In the life/health area, it’s true that the commissions are changing with group health. But in life/health, there are many more products than group health. In group health, definitely there is a change. We’ve seen it significantly this year.

There is still a lot of commissions there, revenues to be made. But definitely the advent of the medical loss ratio has put a lot of pressure on companies to cut their administrative costs and we are part of that, so commissions have suffered. However, commissions are still there and they are still an important part.

Furthermore, though, several companies are paying what we would call in the P/C world contingency commissions. In the group health, life/health world, we could call them incentive bonuses.

You reach a certain benchmarks, they give you payments. Some group health companies give you persistency bonuses. Now some of these were there before, they are still here now. You want them, you go get them. You gotta perform and get them.

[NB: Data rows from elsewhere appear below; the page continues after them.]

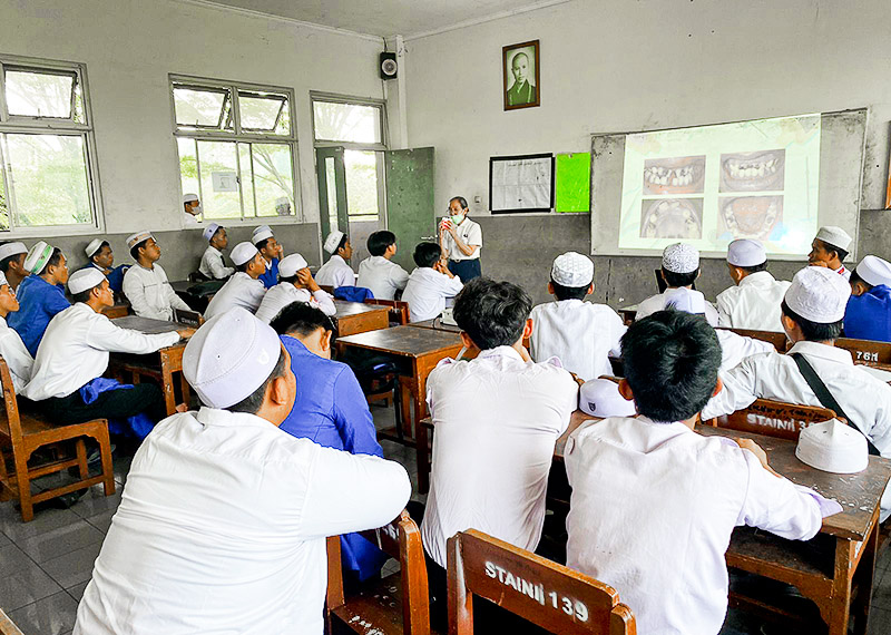 五月五日印尼當格朗市(Tangerang) 慈濟志工結合印尼慈濟人醫會前往茂物縣(Bogor) 巴隆鎮(Parung) 努魯亞‧伊曼習經院(Nurul Iman),舉辦一般科和牙科義診活動,同時提供口腔保健與預防皮膚病的衛教宣導,希望能夠帶給學生們正確的健康觀念。
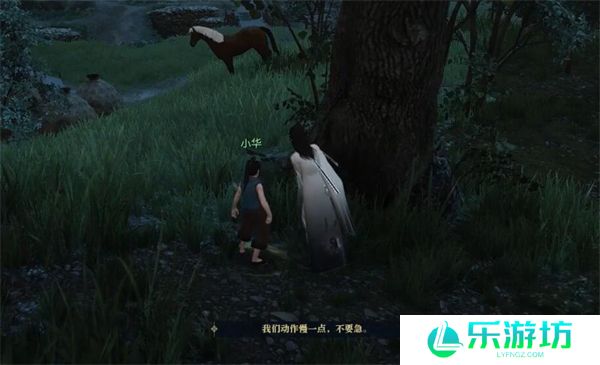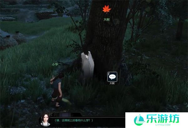 接着,前往坐标(619, 297),在这里按“F”互动,与树旁的物品互动。
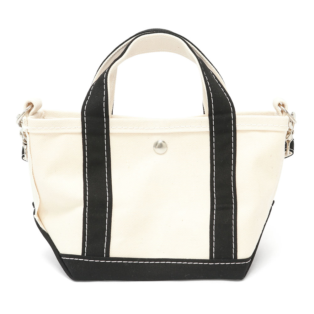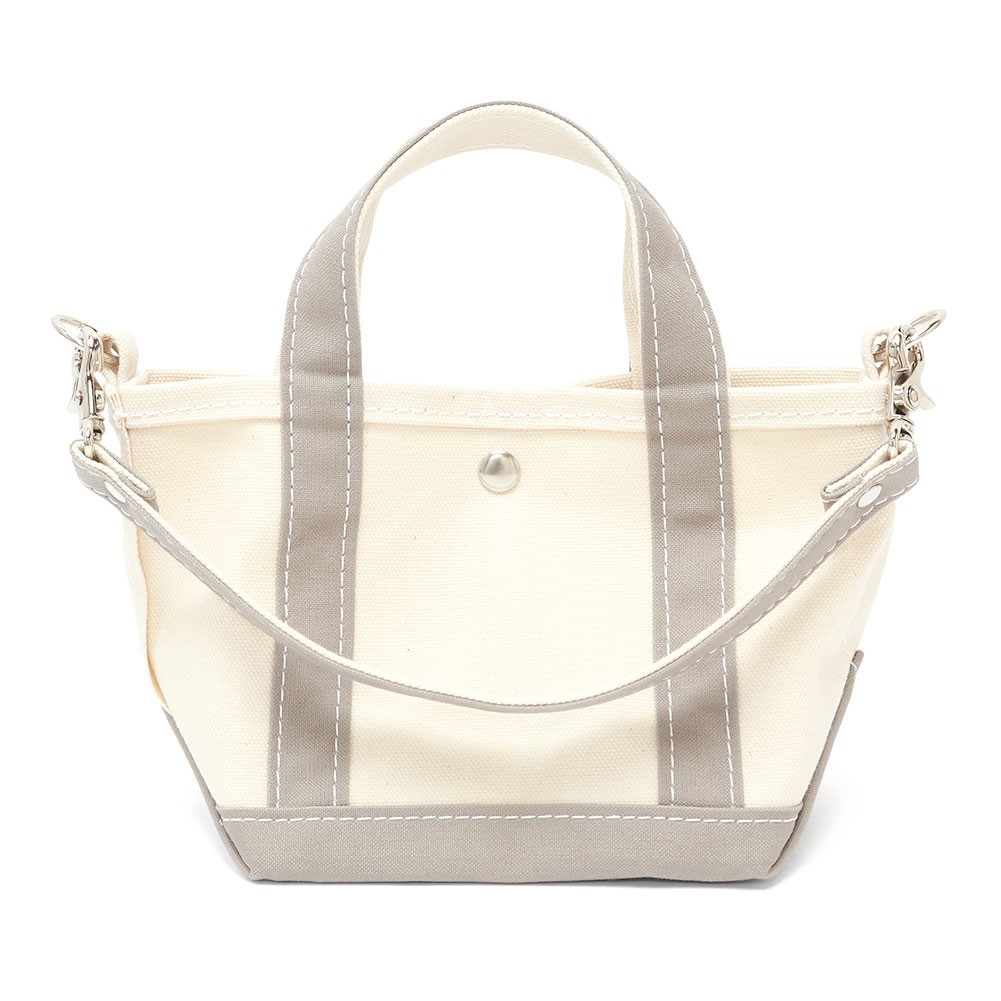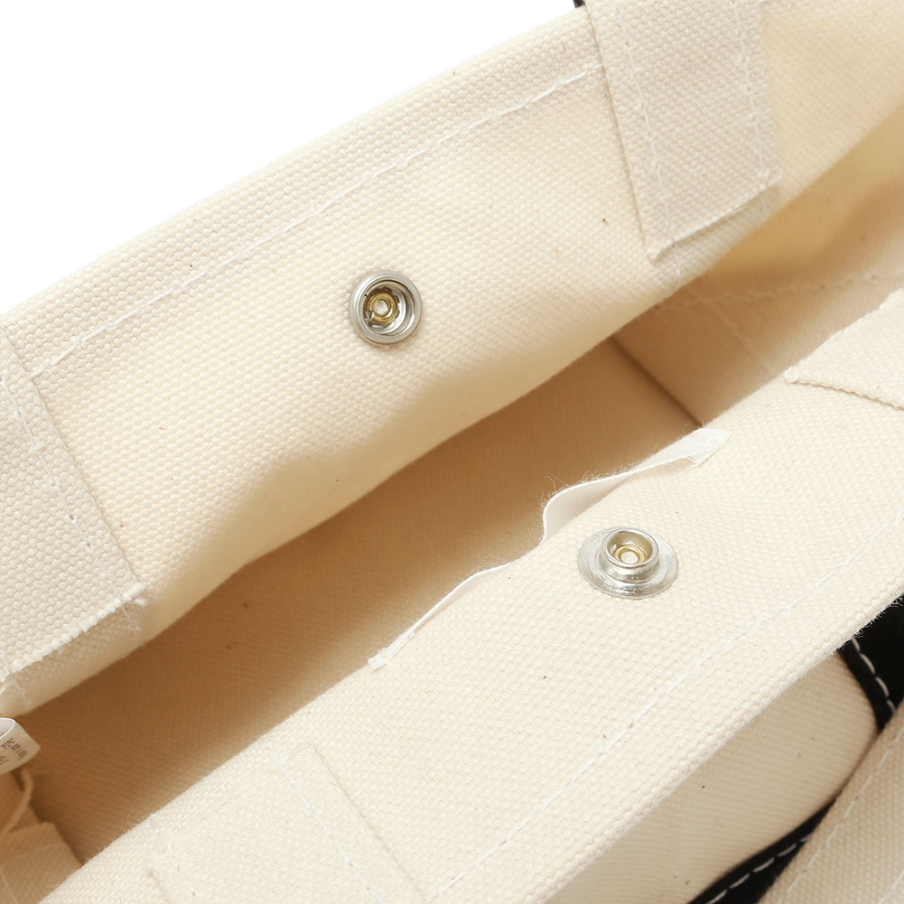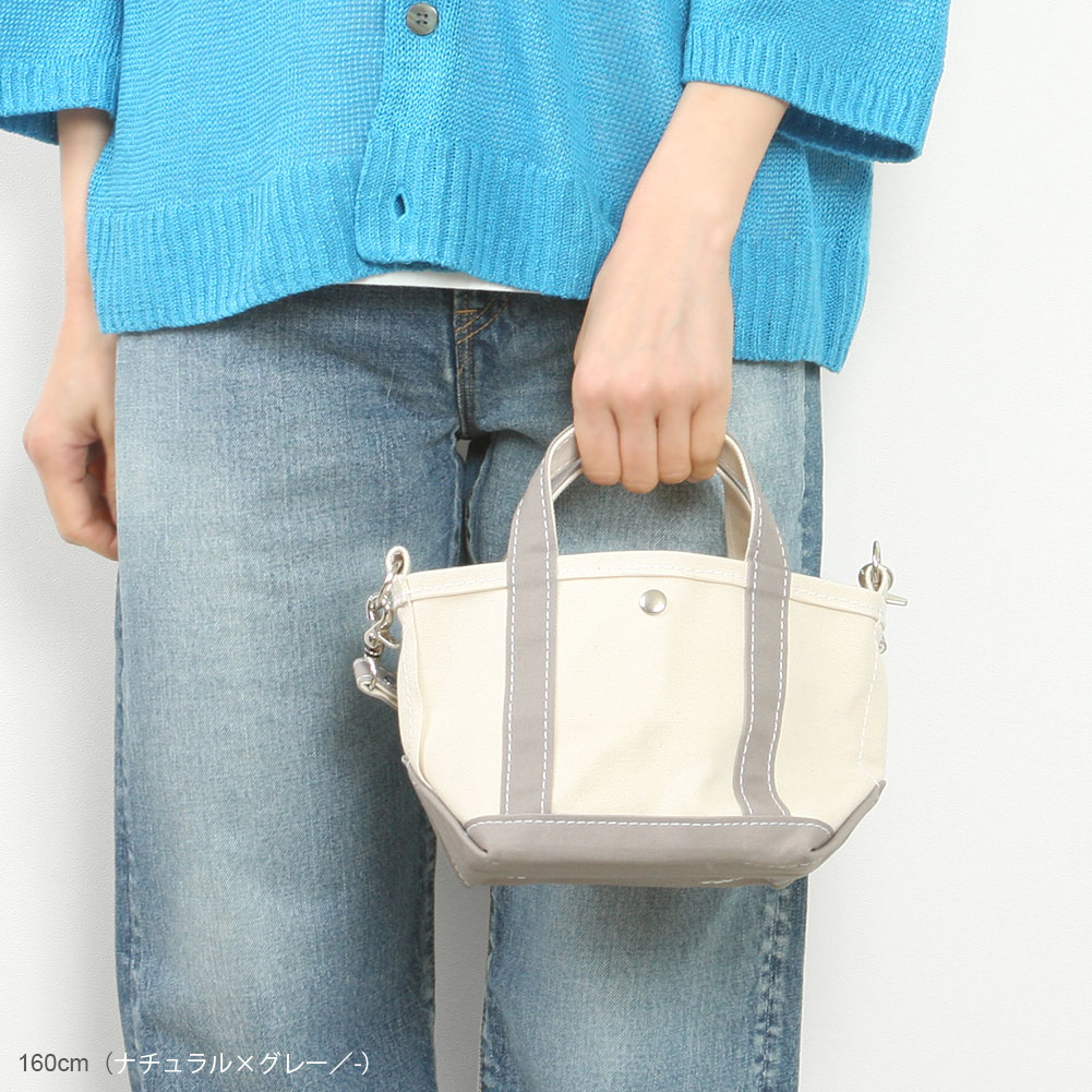 新作のトートバッグミニミニ。 サイドの金具で付け外しのできる短いハンドル付き。 手持ちや肩掛けで持つことができ、大きめのトートのハンドルに付けて持つこともできます。 袋口を留めるボタン付きなので中身が丸見えになる心配はないですね。
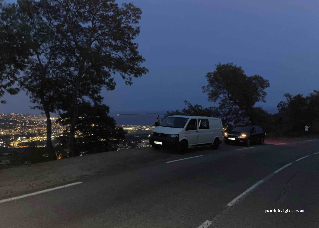 Stunning "car park" with views over the entire bay of Cannes. Here you can find a bay where there is enough space for a VW bus. Camper is too close to the abyss. Very little-used road and a view that we have not had at any place on our trip. A ban by sign or the like is not to be found. We want to share this place with everyone who enjoys great views as much as we do :)

Now furthermore, in the life/health area, getting beyond the group health, what we’ve done recently and what many agencies are doing, is focus on the ancillary group: group life, group dental, and group long-term disability.

These are things that many agencies have not paid as much attention to in the past because the commissions are not as big as group health. Many agents probably never even bothered to talk to their customers about group life, group long-term disability.

But now, people need to focus on that because there are fees and commissions to be made there.

Definitely there is a market for voluntary benefits. Employers maybe cutting benefits or they want to control their cost. What they can offer is a whole suite of voluntary benefits such as accident and critical illness insurance.